The standard seating configuration is 2-3-3 in the Vito and 2-2-3 in the Viano, however, the latter is available as an eight-seater ($1250) or 2-2-2 six-seater (no-cost).
Similar to aircraft seating arrangements, all seats are individual items. The second and third-row seats are anchored to guide rails and have quick-release locks that enable them to be positioned at various points – at 25mm increments – throughout the cabin.
Each seating position astern of the front seats has armrests, an integrated three-point seatbelt and four-position headrest. Importantly, each seat weighs only 29kg to reduce the burden of changing positions or removing it from the vehicle.
Up front, the driver and front passenger seats are height adjustable, while power-operated front seats with position memory are available as optional extras – $2500 for the driver’s seat, $1430 for the front passenger.

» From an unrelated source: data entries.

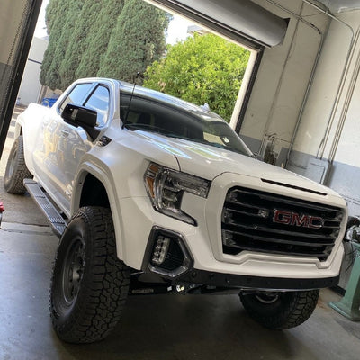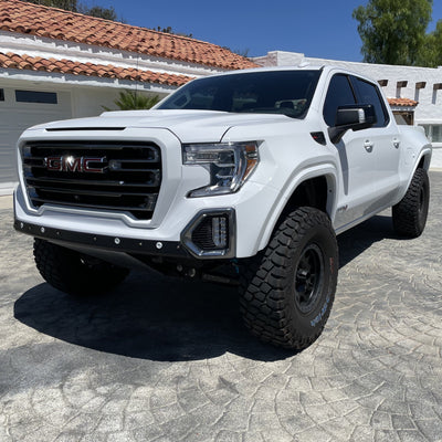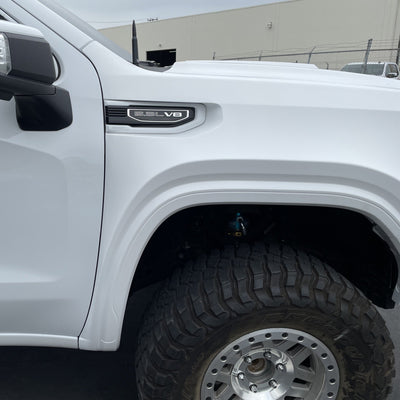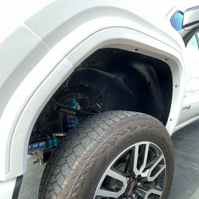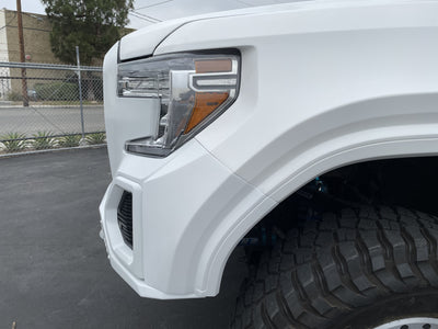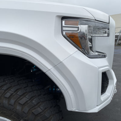 2019-2025 GMC Sierra fender flares, hand-laid in the USA. Price includes set of two fenders (driver and passenger side). Fiberglass fenders come standard in semi-gloss white. Bolt-on installation. These Sierra prerunner fenders are a perfect match with our 2019-2025 Sierra bedsides to create a build that is ready for any terrain.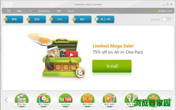全球浏览器网网站提供万用影音转换器下载官网电脑版免费安装地址。万用影音转换器Freemake Video Converter 拥有非常友好的界面,即使你不是电脑达人,也能轻易使用,Freemake Video Converter支持多个格式文档输出,支持专为多种设备提供格式,如:Android,Apple,You tube等。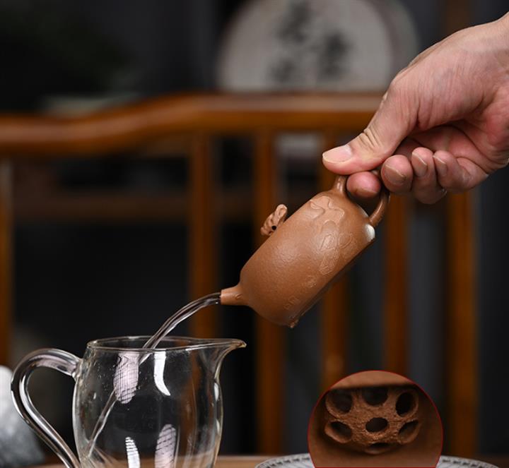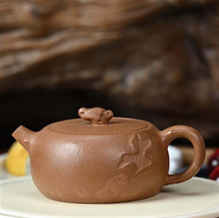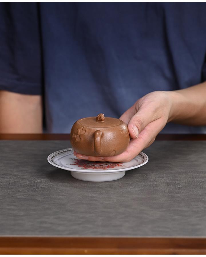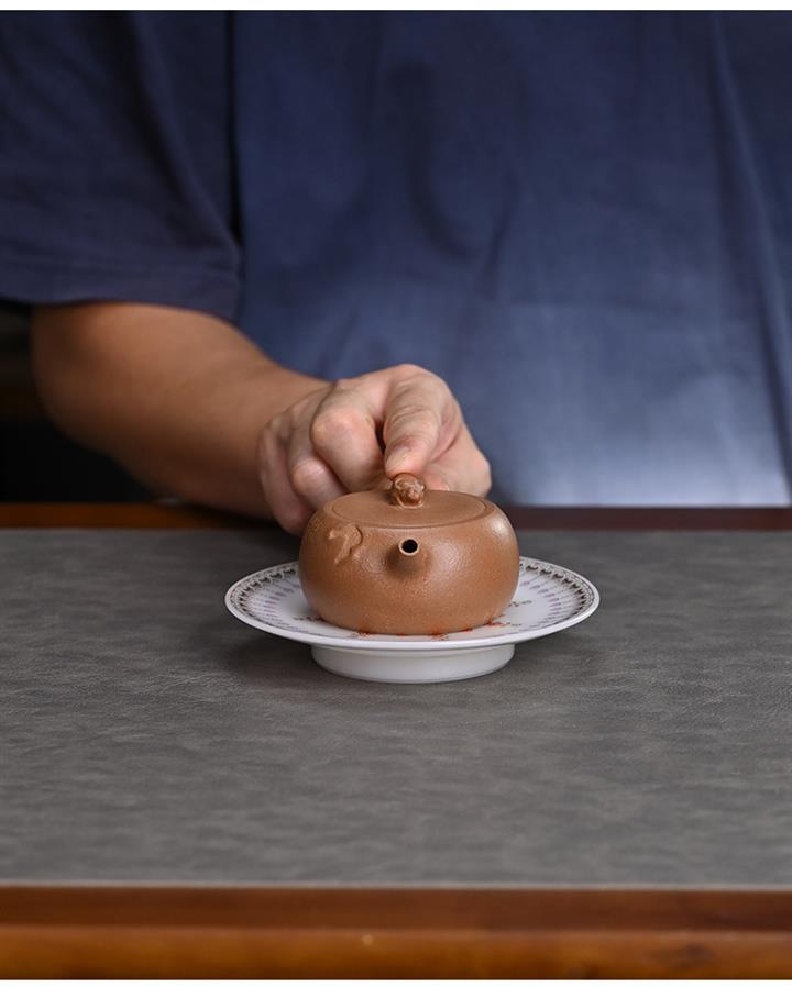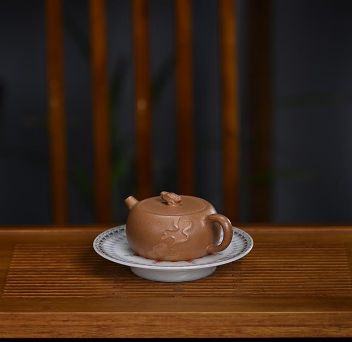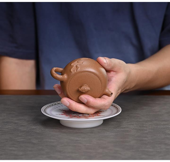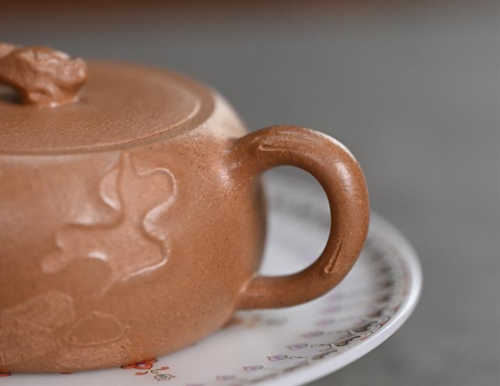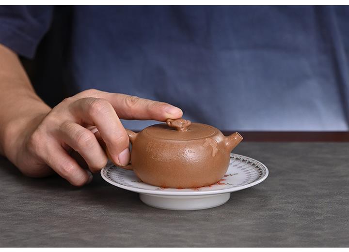 【泥料特點】砂土氣重,似淳實農民,日久使用,漸露鋒芒,養成變化,溫潤莊重。紫砂是壹種雙重氣孔結構的多孔性材質,氣孔微細,密度高。用紫砂壺沏茶,不失原味,且香不渙散,得茶之真香真味。紫砂使用越久,壺身色澤越發光亮照人,氣韻溫雅。紫砂壺長久使用器身會因撫摸擦拭,變得越發溫潤光澤。

The battery is housed in the front passenger seat console and the six-disc CD changer, a $1340 option, is situated under the driver’s seat.
All Vito and Viano models are fitted with "active service" system, dual airbags, in-dash CD player, anti-lock brakes (with anti-slip regulation, brake assist and electronic brake-force distribution), electric front windows, remote central locking, air-conditioning and a full-size spare.
The Viano can be specified in either entry Trend or the better-equipped Ambiente guises.
All Vianos get the Vito equipment, plus tinted windows, electric front and rear vent windows, climate-control air-conditioning, cruise control, a full-size spare wheel, multi-function steering wheel, roof rails, warning triangle, 16-inch alloy wheels and foglights.
The Ambiente is another $6900 and adds side airbags ($1100 on the Trend), 17-inch light alloy wheels, six-disc CD changer, door courtesy lights, wood highlights, leather steering wheel/shift lever, leather upholstery and self-levelling suspension.
Front window airbags are a $900 option in both Viano Trend and Ambiente.